▶ [GOAL OF THE EXERCISE]:
Transcribe, word for word, only the lines from the one containing "Вы получаете печатную" through the end of the material below. Pictures stay out.

▶ [GIVEN DATA]:

+--

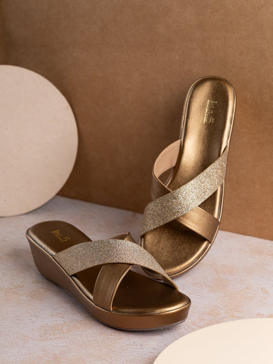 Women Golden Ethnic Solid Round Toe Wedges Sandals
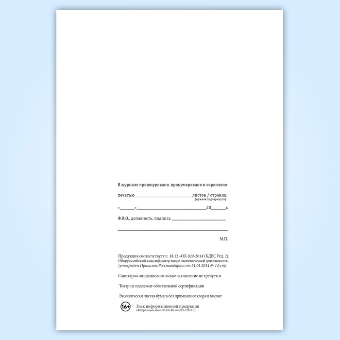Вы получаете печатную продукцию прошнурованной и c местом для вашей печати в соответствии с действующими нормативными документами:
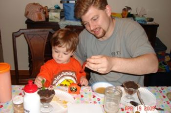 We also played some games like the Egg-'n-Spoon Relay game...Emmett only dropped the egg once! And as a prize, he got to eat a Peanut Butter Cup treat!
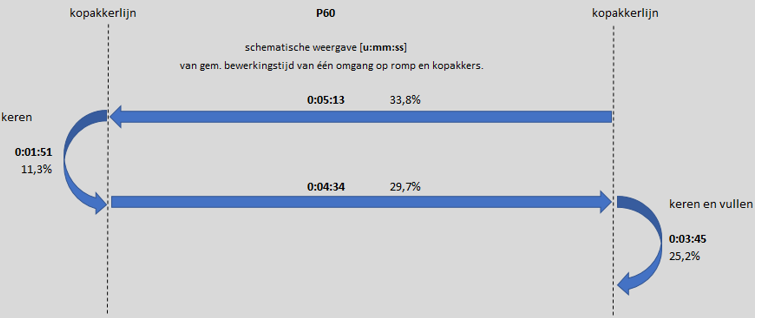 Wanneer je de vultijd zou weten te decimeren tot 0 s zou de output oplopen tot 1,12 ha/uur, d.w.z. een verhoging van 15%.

+--

▶ [REPLY]:
Вы получаете печатную продукцию прошнурованной и c местом для вашей печати в соответствии с действующими нормативными документами:
 We also played some games like the Egg-'n-Spoon Relay game...Emmett only dropped the egg once! And as a prize, he got to eat a Peanut Butter Cup treat!
 Wanneer je de vultijd zou weten te decimeren tot 0 s zou de output oplopen tot 1,12 ha/uur, d.w.z. een verhoging van 15%.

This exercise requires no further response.